*** Data for review
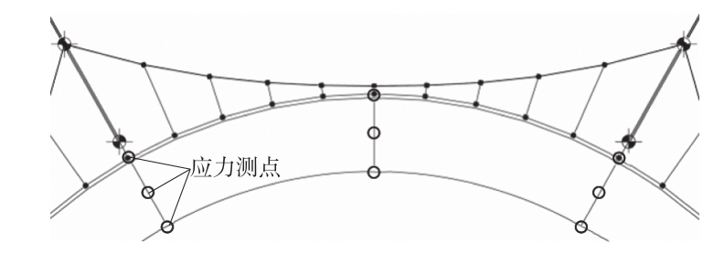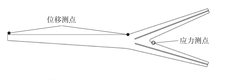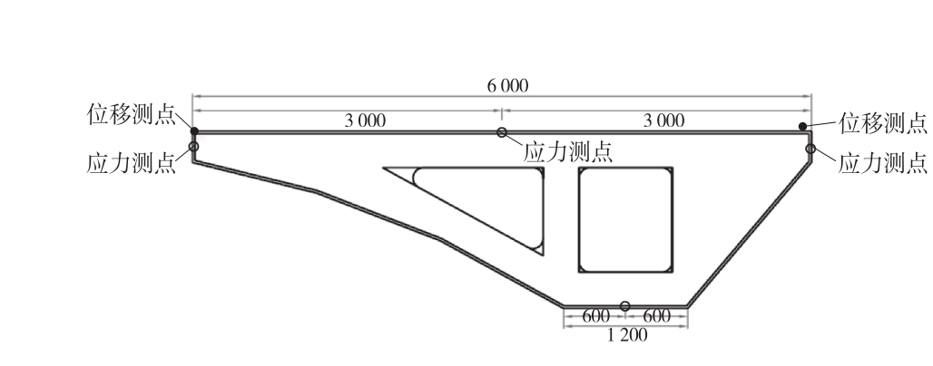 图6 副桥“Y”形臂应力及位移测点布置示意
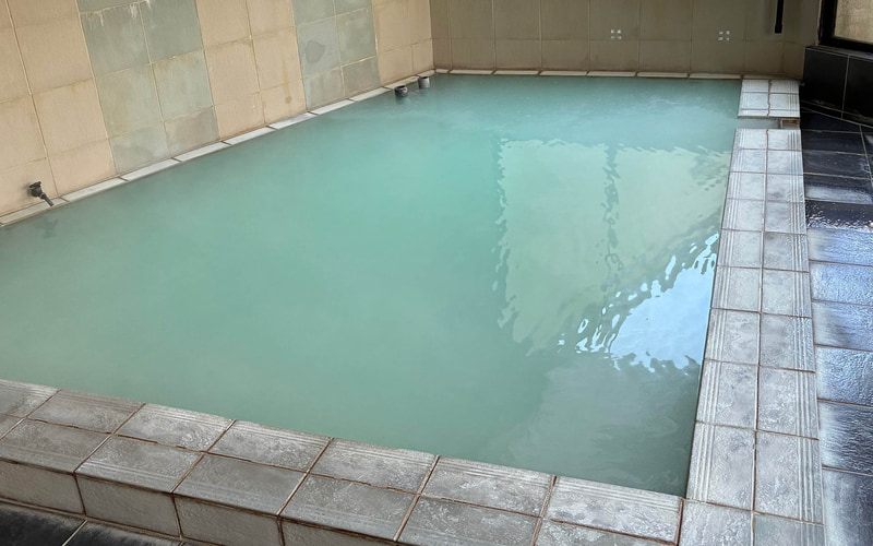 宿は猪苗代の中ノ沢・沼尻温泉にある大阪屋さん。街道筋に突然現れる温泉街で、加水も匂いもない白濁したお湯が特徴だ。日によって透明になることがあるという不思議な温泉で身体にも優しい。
******
*** Data for review
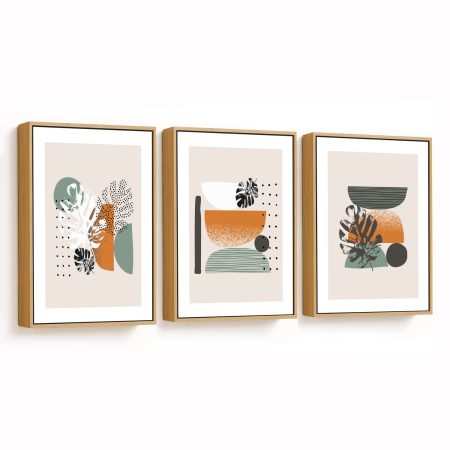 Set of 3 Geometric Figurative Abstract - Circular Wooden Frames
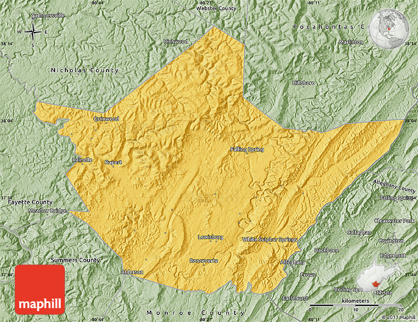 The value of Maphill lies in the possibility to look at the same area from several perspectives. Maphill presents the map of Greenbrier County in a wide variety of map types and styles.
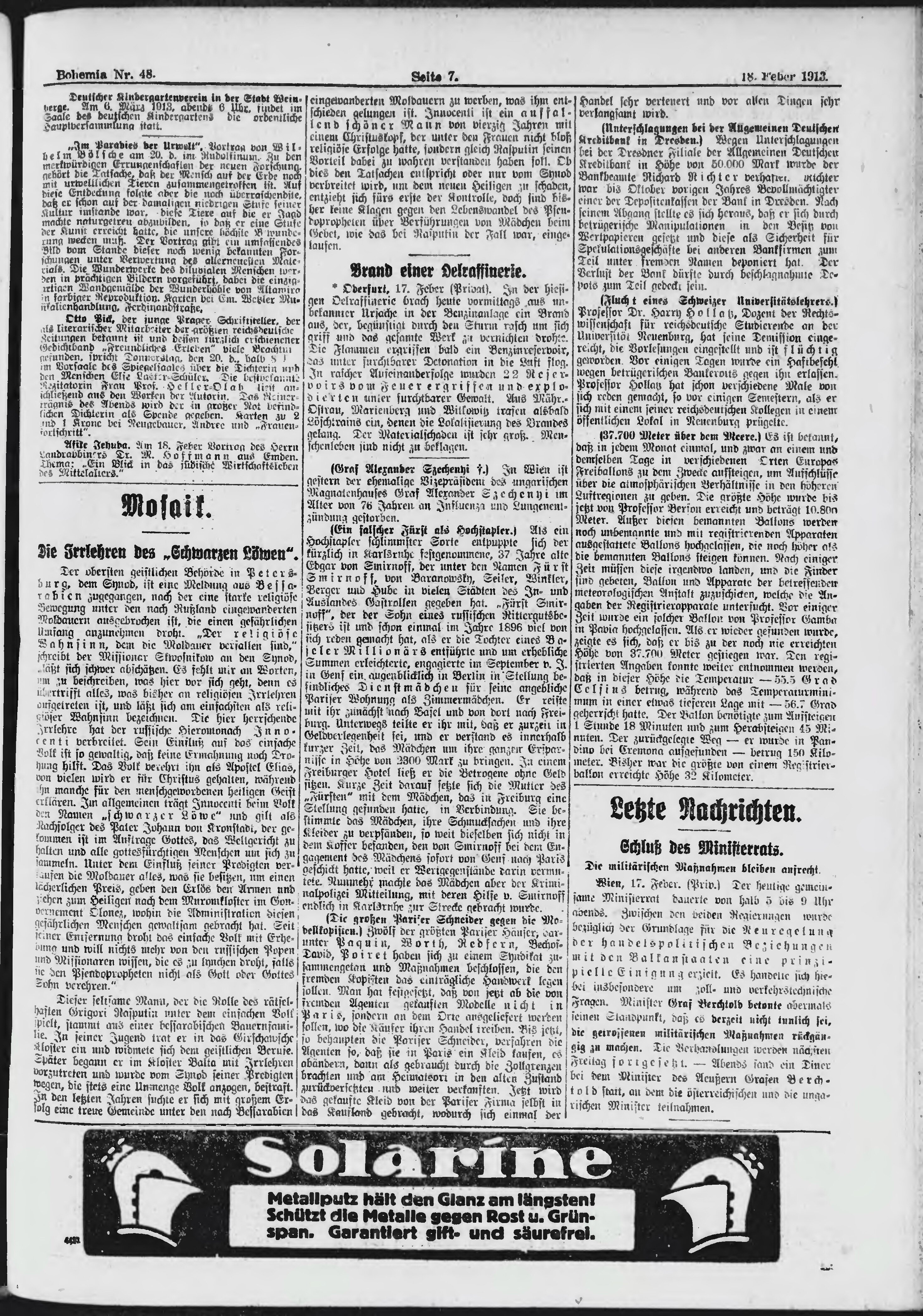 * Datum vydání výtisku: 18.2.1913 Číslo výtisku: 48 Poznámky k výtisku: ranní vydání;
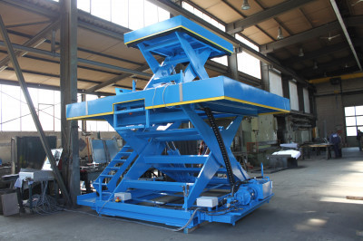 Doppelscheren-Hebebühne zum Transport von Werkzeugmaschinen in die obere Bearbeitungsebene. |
******
*** Data for review
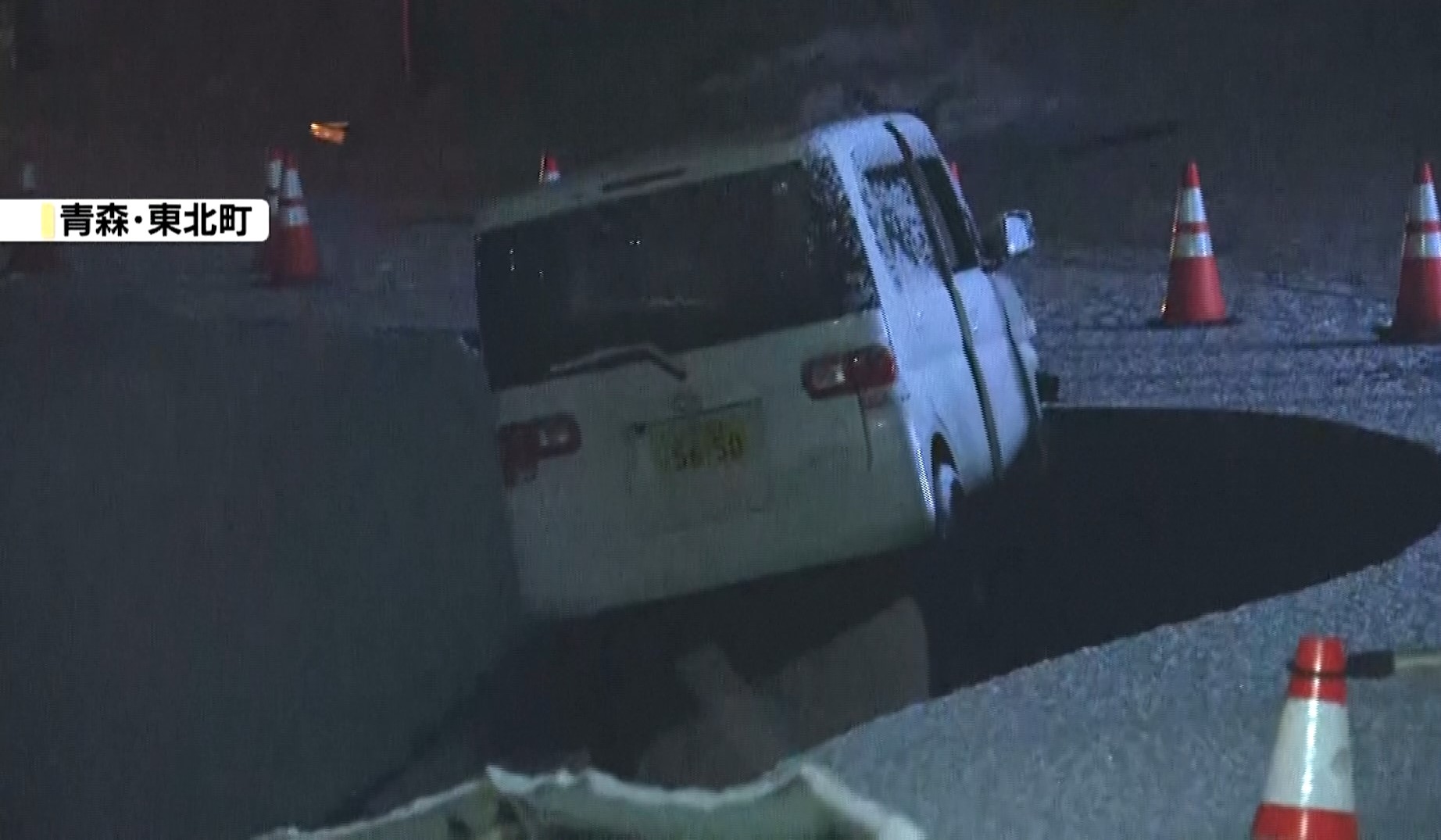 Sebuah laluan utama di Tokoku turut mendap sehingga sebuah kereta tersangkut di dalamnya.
******
Exercise aim: Text only, no pictures: please print exactly the lines above from the line with "výtisku: ranní vydání;" up to and including the line with "Doppelscheren-Hebebühne zum Transport", and nothing else.

Completed exercise:
 * Datum vydání výtisku: 18.2.1913 Číslo výtisku: 48 Poznámky k výtisku: ranní vydání;
 Doppelscheren-Hebebühne zum Transport von Werkzeugmaschinen in die obere Bearbeitungsebene. |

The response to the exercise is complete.